Narkoseüberwachung
Wie funktioniert die Narkose bei Tieren?
Wie auch in der Humanmedizin, gib es in der Tiermedizin verschiedene Formen der Anästhesie. Neben einer Injektionsnarkose, wie sie für kurze Eingriffe (wie zB Kastration eines Katers) verwendet werden, haben wir bei uns in der Praxis ebenfalls die Möglichkeit nach einer einleitenden Narkose den Patienten zu Intubieren und die Narkose über ein Narkosegas fortzuführen. Hierbei werden Sauerstoffsättigung, sowie der CO2-Partialdruck gemessen, so kann die Tiernarkose gezielter gesteuert und überwacht werden. Da jede Narkose den Organismus belastet, bleibt natürlich bei jeder Narkose ein gewisses Rest-Risiko bestehen, jedoch können weitere Parameter die während der Überwachung gemessen werden, das Narkose-Risiko zusätzlich senken. Während der Patient in Narkose liegt werden Blutdruck, Herzfrequenz und Rhythmus, sowie Temperatur und Puls durchgehend kontrolliert.
Gegen welche Erkrankungen muss ich meinen Hund impfen lassen?
Für Hunde ist der Schutz vor folgenden Erkrankungen wichtig:
- Parvovirose (eine Durchfallerkrankung)
- Tollwut
- Leptospirose
- Staupe
- infektiöse Leberentzündung (Hepatitis contagiosa canis)
Hunde, die viel und engen Kontakt mit anderen Hunden haben, können auch gegen verschiedene Erreger des Zwingerhusten-Komplexes geimpft werden.
Da die Impfungen bei Welpen öfter und bei erwachsenen Hunden im 1-3 Jahres-Rhythmus wiederholt werden müssen, bietet sich folgendes Schema an:
Welpen sollten mit 8, 12 und 16 Wochen jeweils einmal geimpft werden. Danach wieder mit einem halben Jahr und 15 Monaten. Anschließend bekommt Ihr Hund jährlich abwechselnd einmal eine „große“ und einmal eine „kleine“ Impfung. Sprechen Sie uns gerne an, unser Welpen-Checkheft hilft Ihnen, alle Termine und die Entwicklung Ihres Welpen im Überblick zu behalten.

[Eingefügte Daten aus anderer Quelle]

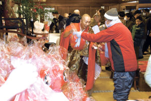 松本市の松本城公園では早朝、内堀の西側から南側にかけて8割ほど氷が張っていた。午前7時ころになると、北アルプスが日の出前後に山肌が赤く染まる「モルゲンロート」であかね色に染まり、観光客らがお城と山並みの幻想的な光景を写真に収めていた。
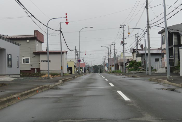 産岸通りから左折して西5号線のバス停前から北光通り方向
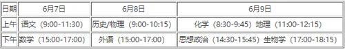 2022年高考时间和考试科目安排
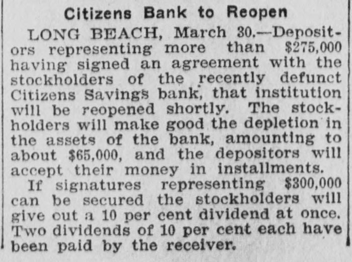 Citizens Bank to Reopen LONG BEACH, March 30.-Depositors representing more than $275,000 having signed an agreement with the stockholders of the recently defunct Citizens Savings bank, that institution will be reopened shortly. The stockholders will make good the depletion in the assets of the bank, amounting to about $65,000, and the depositors will accept their money in installments. If signatures representing $300,000 can be secured the stockholders will give out a 10 per cent dividend at once. Two dividends of 10 per cent each have been paid by the receiver.
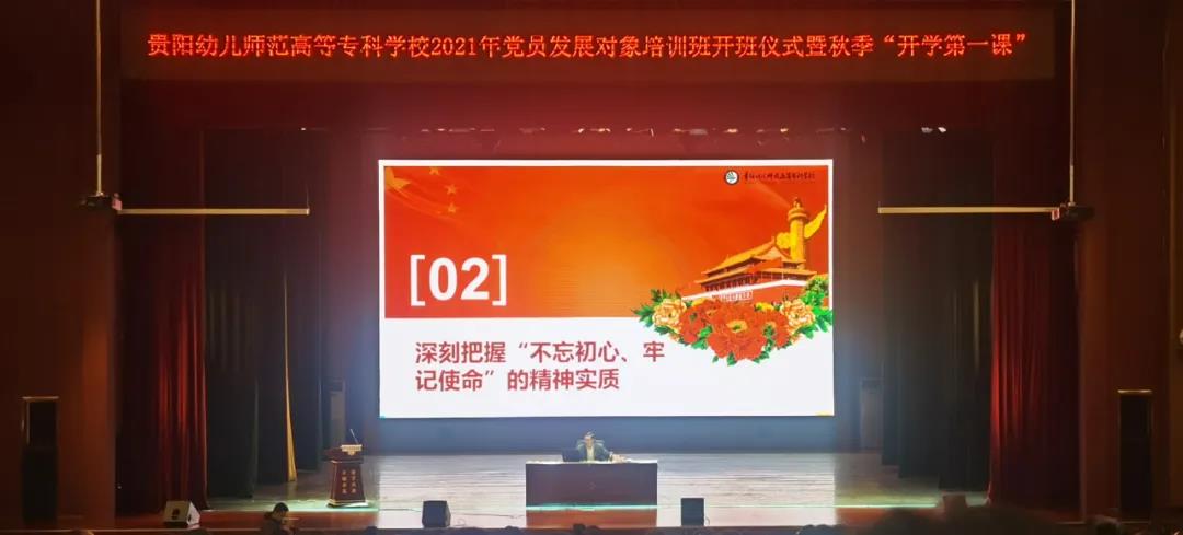 2021年,中国共产党迎来百年华诞,作为新时代的中国青年,作为新征程的主力军,站在两个一百年交汇的历史时期,贵阳幼高专的新生们,将如何理解并践行中国共产党的初心和使命?10月19日下午,我校举行2021年党员发展对象培训班开班仪式暨秋季新学期“开学第一课”活动。党委书记张曦以“如何践行党的初心和使命”为主题为同学们上了一堂别开生面的思政大课。
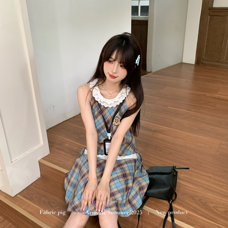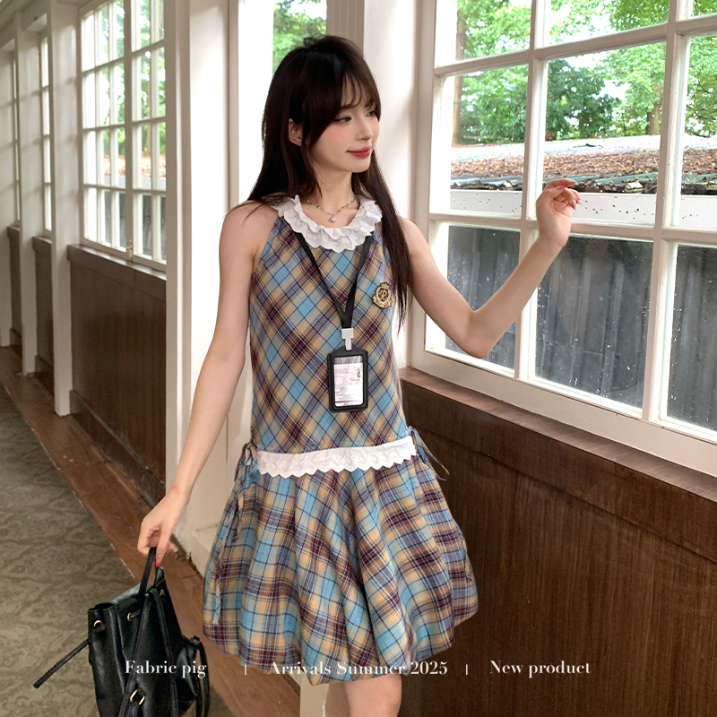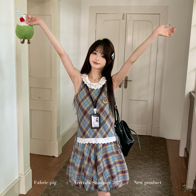 织物猪 高校法则 学院风复古格纹无袖连衣裙女夏季背心花苞短裙子

Gegen welche Erkrankungen muss ich meine Katze impfen lassen?
Bei Wohnungskatzen:
- Katzenschnupfen
- Katzenseuche
Bei Freigängern oder Aufenthalt in einer Tierpension außerdem:
- Tollwut (bei Freigängern)
- Katzenleukämie
- infektiöse Bauchfellentzündung (FIP)
Und gegen was muss ich mein Kaninchen impfen lassen?
- Myxomatose
- RHD 1 & 2 (Chinaseuche)
RHD steht für Rabbit Haemorrhagic Disease (Chinaseuche). Die Erkrankung wird durch ein Virus verursacht. Jahrelang trat in Deutschland nur die Virusvariante RHD 1 auf, seit 2014 breitet sich nun auch die RHD 2 Variante aus. Die Erkrankung wird u.a. durch Zecken, Mücken, kontaminiertes Grünfutter oder durch direkten Kontakt übertragen. Nach einer Infektion kommt es meist innerhalb von 1-3 Tagen zum Tod.

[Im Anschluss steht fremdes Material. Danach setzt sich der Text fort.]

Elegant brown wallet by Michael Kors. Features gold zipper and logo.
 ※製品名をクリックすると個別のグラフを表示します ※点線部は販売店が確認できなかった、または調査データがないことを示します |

Die bisherigen Impfstoffe decken nur die RHD 1 Variante des Virus ab, deswegen ist es notwendig Kaninchen noch mit einem speziellen RHD 2 Impfstoff zu schützen. Dieser neue Impfstoff liegt uns jetzt vor. Er muss in einem Abstand von mindestens 14 Tagen zu anderen Impfstoffen eingesetzt werden und alle 6 Monate aufgefrischt werden.